Electroencephalography based brain controlled grasp and lift
Abstract
The complexities and challenges of performing daily fundamental activities like getting
dressed, answering a phone call, opening and closing the door, writing something
down, or even consuming foods for patients who have lost their functionality of hands
and arms due to neurological disability or amputations, is something anyone could
never imagine. Our research paper serves to show the importance of restoring patients’
ability to do daily activities to increase their mobility and standard of living.
In this paper, we have proposed an innovative, resilient and dynamic implementation
of a grasp and lift technology that would accumulate brain signals in the form of
waves to operate prosthetic limbs without the help of an external device and wires.

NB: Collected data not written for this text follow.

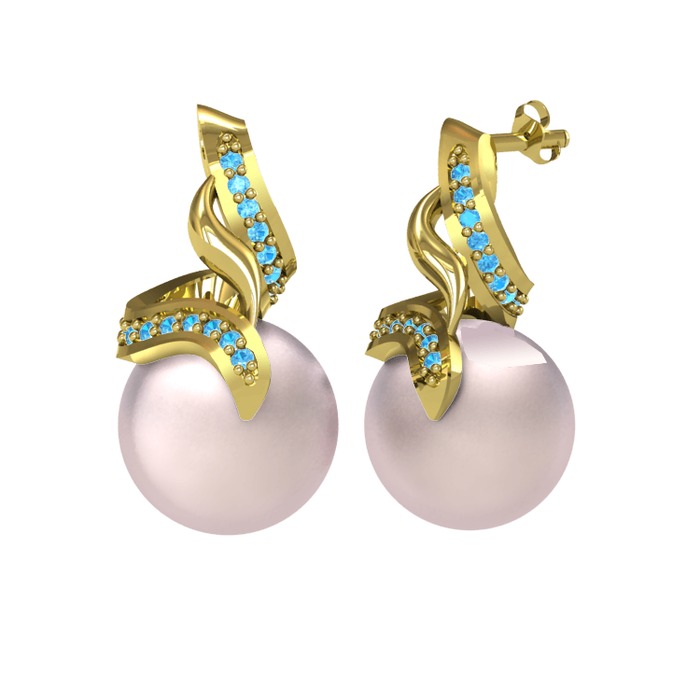 Pembe inci ve akuamarin 14 ayar altın küpe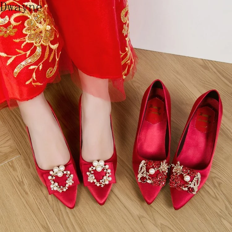 Zapatos de boda para mujer embarazada, tacón cuadrado, tacones altos de punta, seda de perla satinada, elegantes, 7 Cm|Zapatos de tacón de mujer| - AliExpress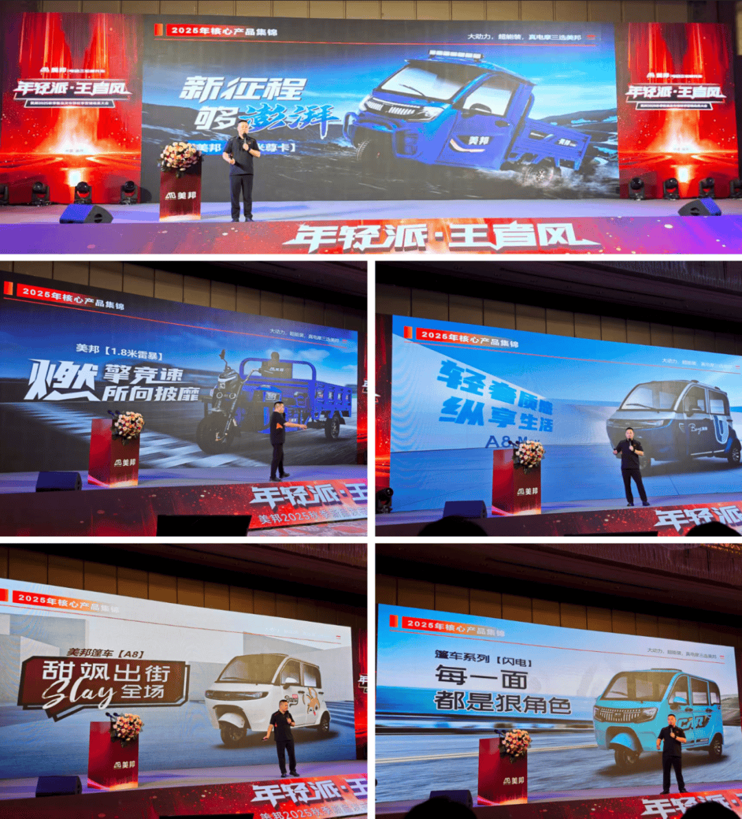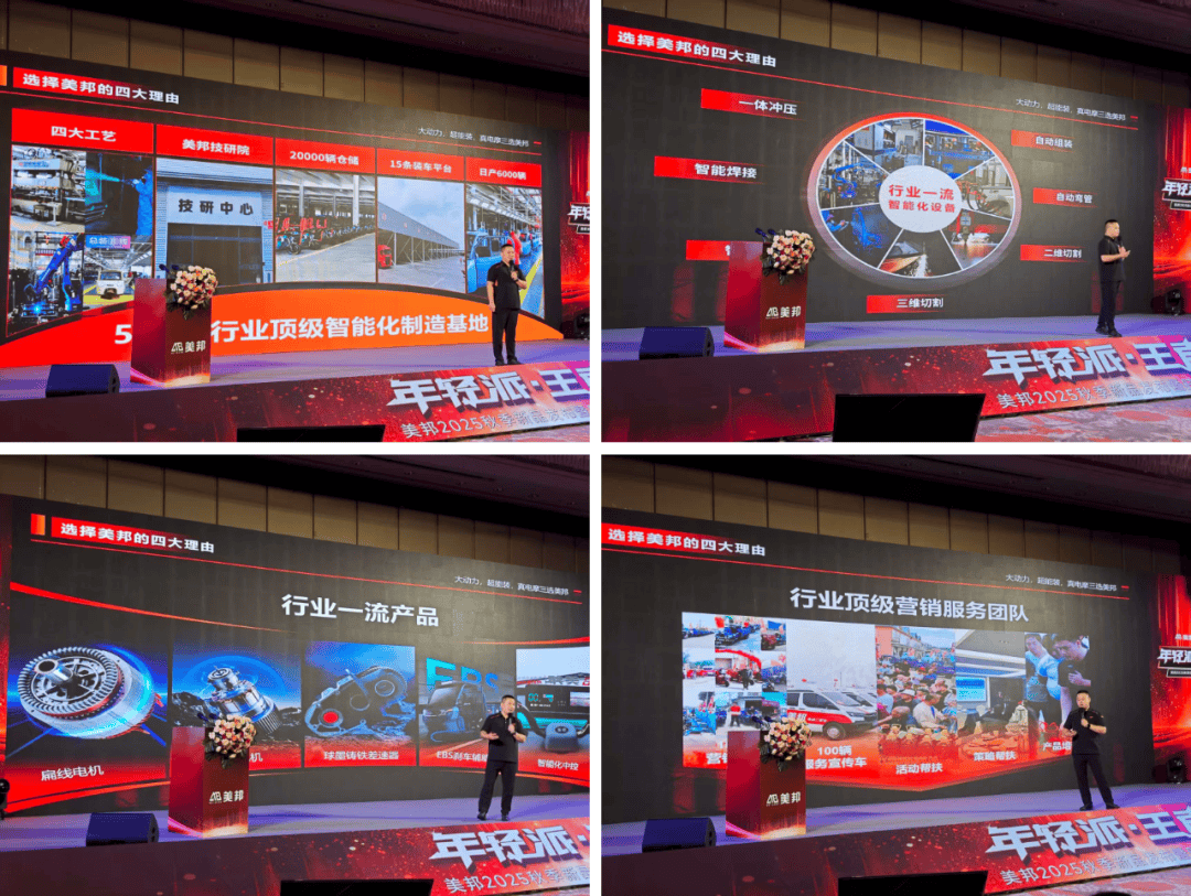 郭總表示,目前行業(yè)發(fā)展的痛點,在于缺乏真正懂經銷商、能給經銷商事業(yè)保駕護航、真正懂得市場需求的品牌。美邦電三依托集團“市場驗證”,矩陣車型均經過市場爆款認證,上市即成“硬通貨”。隨后郭總向與會經銷商詳細講解此次會議發(fā)布的新品。從貨三到篷三,再到即將上市的休三,美邦電三產品均有明確開發(fā)目的,不構想市場期待,美邦“滿配”產品將讓每一名合作商家都能拿到“正確答案”。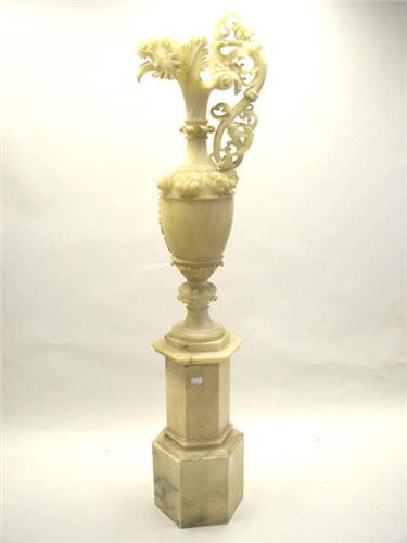 A LARGE ALABASTER EWER ON PEDESTAL; aprox. 53"h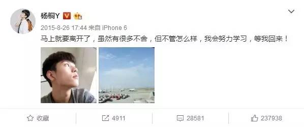 后来有公司想签他,杨桐拒绝了,他说不会进娱乐圈。2015年9月,杨桐去英国阿贝学院留学,这一去要去七年。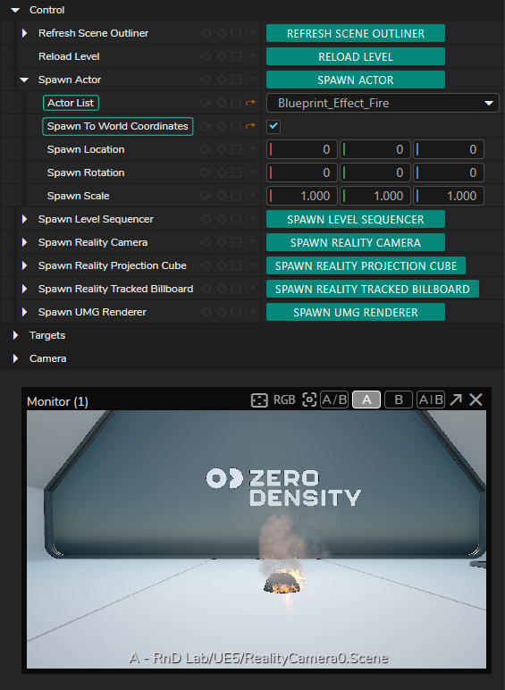- Actor List: A dropdown menu for listing and selecting an actor to be spawned.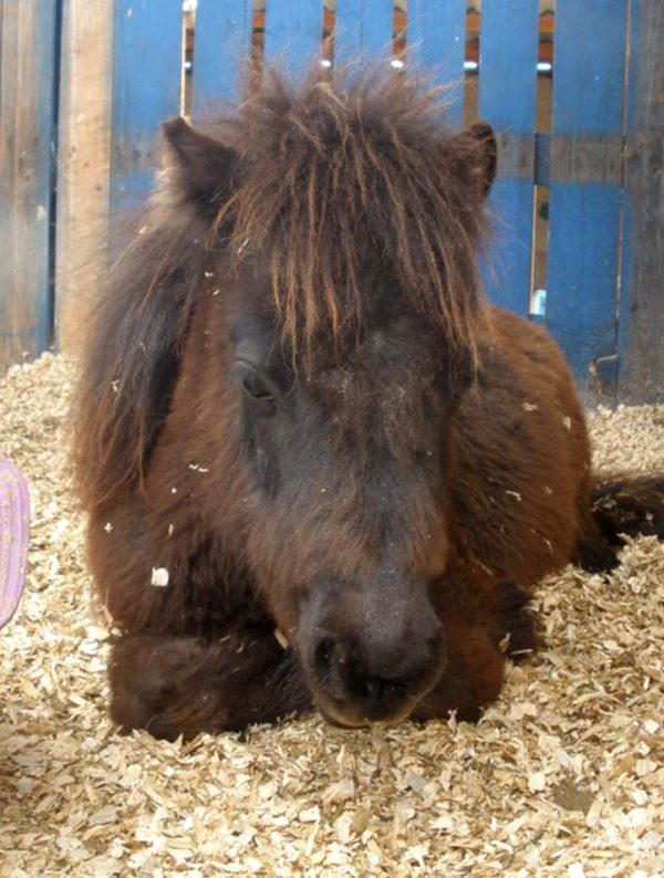 This gentle mare was about 15 years old when rescued and had almost certainly been kept permanently in foal, never able to regain weight or recover properly between each pregnancy.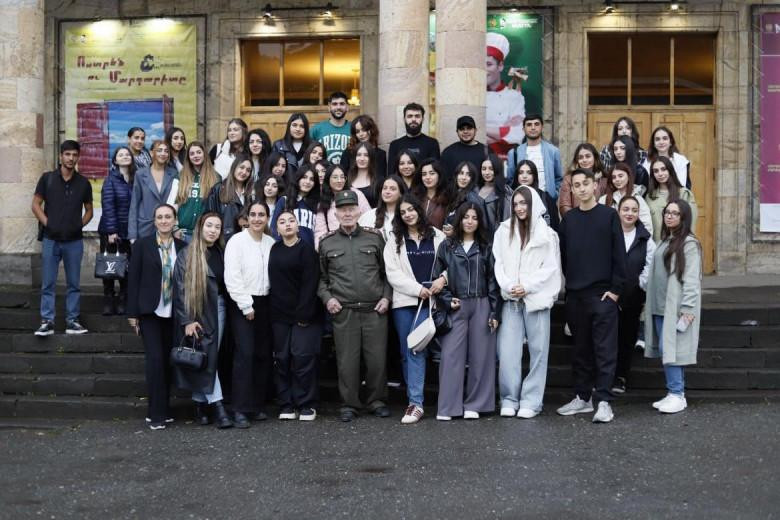 Նրանք ոչ միայն դիտել են ներկայացումը, այլև շատ հետաքրքիր հանդիպում ունեցել Հայրենական մեծ պատերազմի վետերան Վլադիմիր Ռոմանովիչ Ռապացկու հետ՝ բազմաթիվ հարցեր տալով նրան, ինչը ցույց է տալիս հայ երիտասարդների մեծ հարգանքը պատերազմի հերոսների նկատմամբ։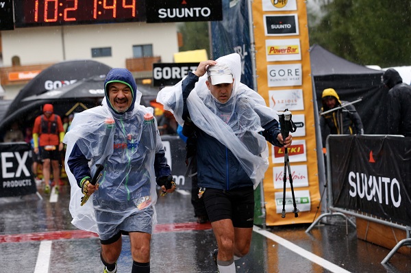 The atmosphere: Like at a mountain stage of the Tour de France – unfortunately in winter. After four days of baking heat, a cold front in the Alps caused a significant sudden drop in temperature. Whereas the participants of the 11th GORE-TEX® TRANSALPINE-RUN had to cope with temperatures of over 30 degrees Celsius in the beginning, the thermometer read only 6.5 degrees Celsius at the overcast summit station Alp Trida Sattel today. And together with the partially quite heavy constant rain these were not very pleasant conditions at all.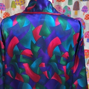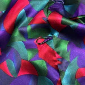 Silky smooth polyester. No size tag. Inside tie. Pockets. Sash. Excellent condition.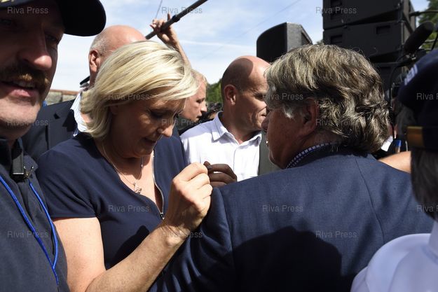 Légende : Marine Le Pen, présidente du Front National, lance sa campagne pour l'élection présidentielle à Brachay. Marine Le Pen - Gilbert Collard /// Marine Le Pen, President of the Front National Party, launches her presidential campaign in Brachay. Marine Le Pen - Gilbert Collard - Brachay - 03/09/2016 - Photo © Lionel Préau +33 (0)6 68 12 83 77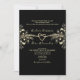 Una romántica y moderna invitación a la boda en negro y oro con encaje floral, un monograma de corazón de cuerda y tu código QR personalizado para detalles de RSVP o bodas. Este diseño combina elegancia con comodidad, perfecto para parejas elegantes que planeen una ceremonia de invierno o de noche. ¿personalizados editados? Contactar conmigo: bpkolman@gmail.com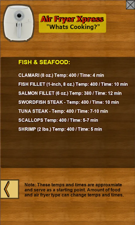 Are you tired of trying to remember what temp and time to cook foods in your air fryer? Worry no more! Use this simple but useful app for quickly referencing temps and times of several popular air fryer foods. Also includes a section for top air fryer tips! This app will be expanded upon if there is demand. No in-app purchases or anything else to buy in this app so happy cooking!
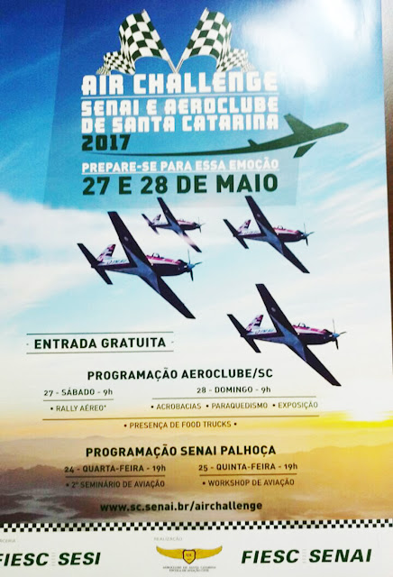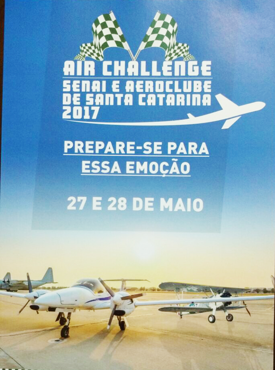 O SENAI e o Aeroclube de Santa Catarina promovem, entre os dias 24 e 28 de maio, em São José e Palhoça, o evento Air Challenge SENAI e Aeroclube Santa Catarina voltado para todo o público apaixonado por aviação. A programação inclui show de acrobacias, paraquedismo, palestras, seminários e um grande rally aéreo que será disputado no Aeroclube de Santa Catarina. O Air Challenge SENAI e Aeroclube de Santa Catarina vem consolidar o papel do SENAI e do Aeroclube de Santa Catarina como referência em educação e formação de profissionais em aviação particular e aviação civil.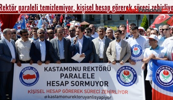 Eğitim-Bir-Sen ve Memur-Sen Genel Başkanı Ali Yalçın, Kastamonu Üniversitesi Rektörü Seyit Aydın’ın, rektörlük seçimlerinden kalma, gelecek dönem seçimlerdeki muhtemel adayları budama gibi süfli arzulara kapılarak, Fethullahçı Terör Örgütü (FETÖ) ile mücadele etmek yerine hesap görmek istediği kişileri görevden uzaklaştırdığını belirterek, “Rektör, masum insanları tabelaya yansıtmış, kamuoyuna paralelle mücadele numarası yapmıştır. Rektör Aydın, paralel olmadığı Kastamonu’da ve akademi çevrelerinde açıkça bilinen, dahası kendisine şifahi olarak sorulduğunda ‘evet, paralel değil’ diye cevap verdiği masum insanları ‘idari tasarruf’ adı altında bu nazik dönemde görevden uzaklaştırarak ‘itibar suikastı’ düzenlemiş, kendi kişisel hesabını, milletin hesabının üstünde tutmuştur. Rektör, paralel ihanet çetesinin tüm uzuvlarının koparılması, tüm uzantılarının sökülüp atılması, hakkın teslim, adaletin tesis edilmesi gereken bu netameli dönemde şahsi hesaplarını görmek için bulanık suda ava kalkışmış, süreci zehirlemiş, verilen mücadelenin mukaddesatına zarar vermiştir. Üniversitesinde paraleli gizleyip, yapılması gereken temizliği dizginleyip, kişisel hesaplarını görmeye kalkan bir rektör, millet değil, makam adamıdır” dedi.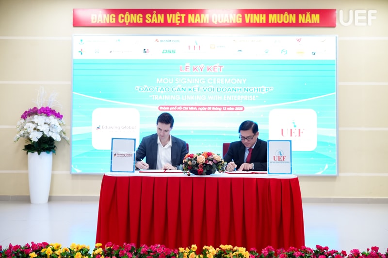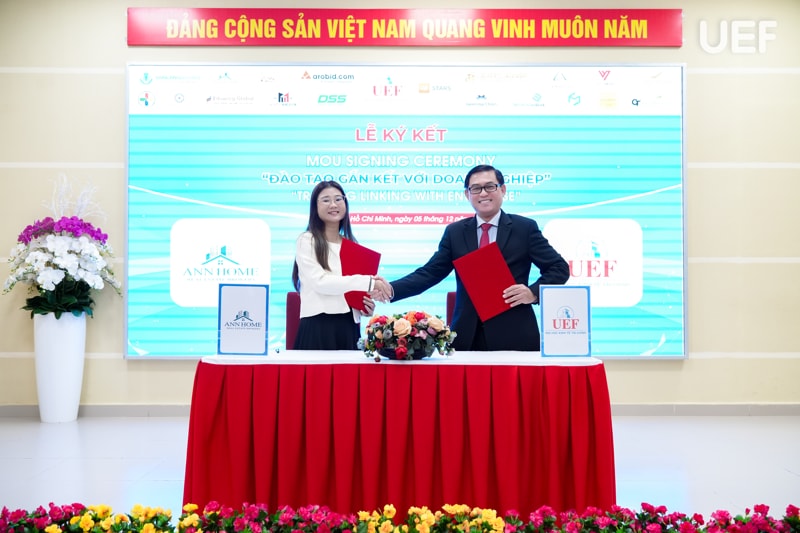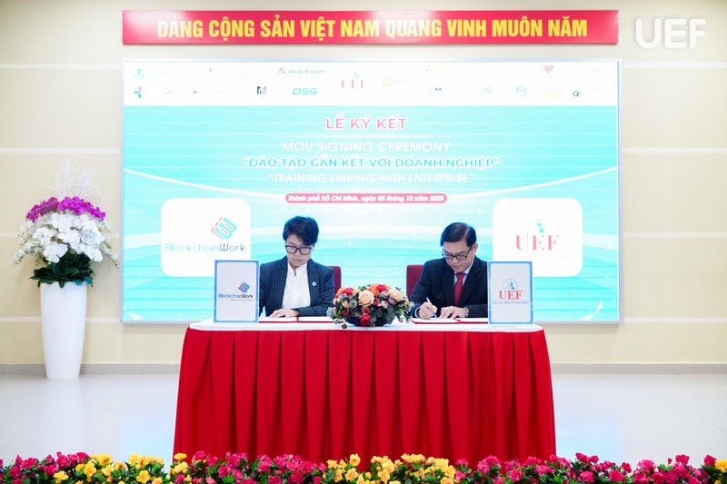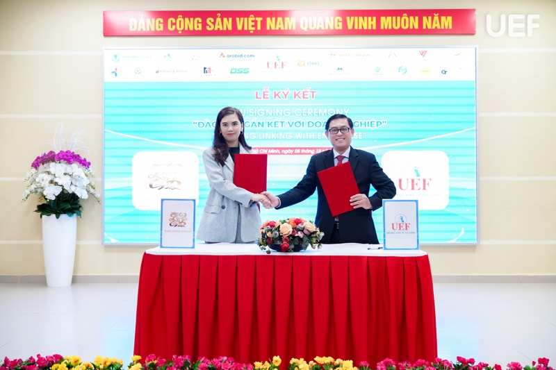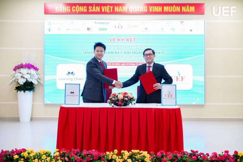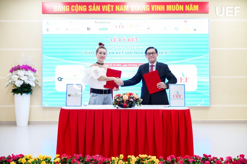 Tại đây, UEF đã ký kết hợp tác MOU cùng 18 doanh nghiệp, gồm: (1) Công ty CP Công nghệ Arobid; (2) Công Ty TNHH Sản Xuất Thương Mại AKUBA; (3) Công ty CP Văn hóa Văn Lang; (4) Công Ty TNHH Minh Tuấn Mobile; (5) Công ty TNHH SX TM DV Nam Ân (với thương hiệu From Cầu Đất Coffee); (6) Công ty CP BlockchainWork; (7) Công Ty TNHH TM&DV Bất Động Sản Unite Group; (8) Công Ty TNHH Quảng Cáo Và Công Nghệ Truyền Thông Quốc tế Learning Chain; (9) Công ty Cổ phần Công Nghệ DSS Miền Nam ; (10) Công ty TNHH Truyền thông VNET Media; (11) Nha khoa Cẩm Tú; (12) Công ty CP Giáo dục và Đầu tư Con đường thành công Eduwing Global; (13) Công ty Cổ phần Nhà Ann Home; (14) Công ty TNHH xuất nhập khẩu HLS Thuận Hải; (15) Giao Long Group; (16) GreenTech; (17) Công ty CP Opensens; (18) Công ty CP Dịch vụ tư vấn RAPBANK Việt Nam.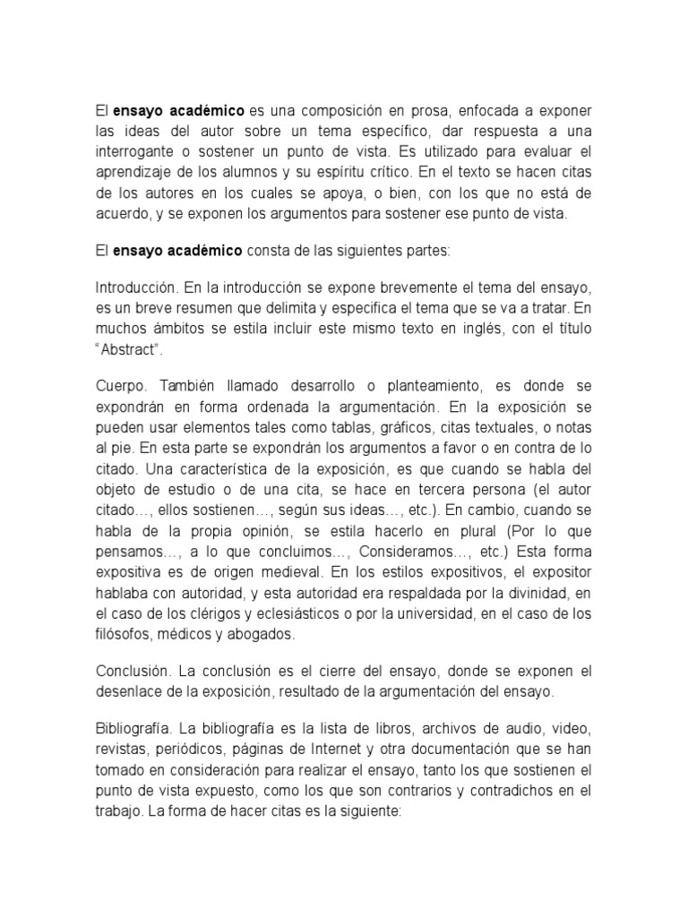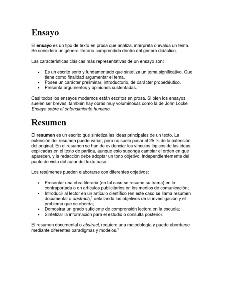 El Ensayo Y Resumen Academico Sumario Abstracto Ensayos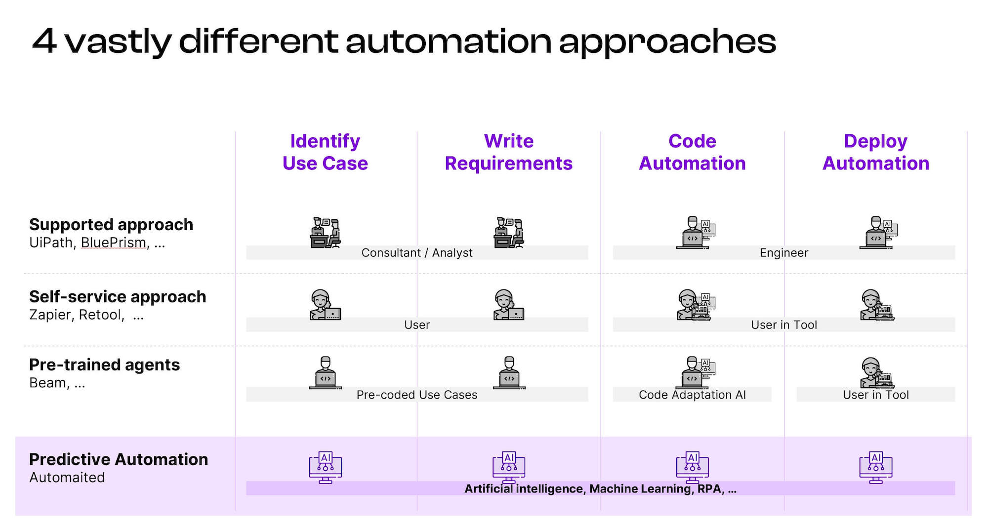 We will compare four prevalent automation approaches, looking at their representative tools and evaluating their potential applications.

We have decided to use Electroencephalography to reactivate the neuromuscular
bypass with the help of an EEG device for obtaining brain signals that correspond
to specific circumstances from the scalp surface area. We also have established models
using Neural Networks that would monitor multimodal sensory activities which
include object encounter, grasp, lift-off, replacement from the dataset and assist the
users of this technology to operate the prostheses only by incorporating their brain
signals. The artistry of the whole procedure incorporates substantial segments like
signal acquisition and pre-processing of the signals into data, feature extraction,
denoising etc. which later leads us to implement CNN and LSTM models. After
implementing the models we obtained the accuracy of 90.11% and 74.44% from the
CNN and LSTM model respectively. Throughout the implementation, there will
be a differential boost in the accuracy level for each of the models. Therefore, our
paper is an evidence of how EEG is considered to be a communication channel between
prosthetic devices and the human brain. Furthermore, it intricately reveals
the approach of grasp and lift technology through signal acquisition, processing, and
implementation based on Electroencephalography.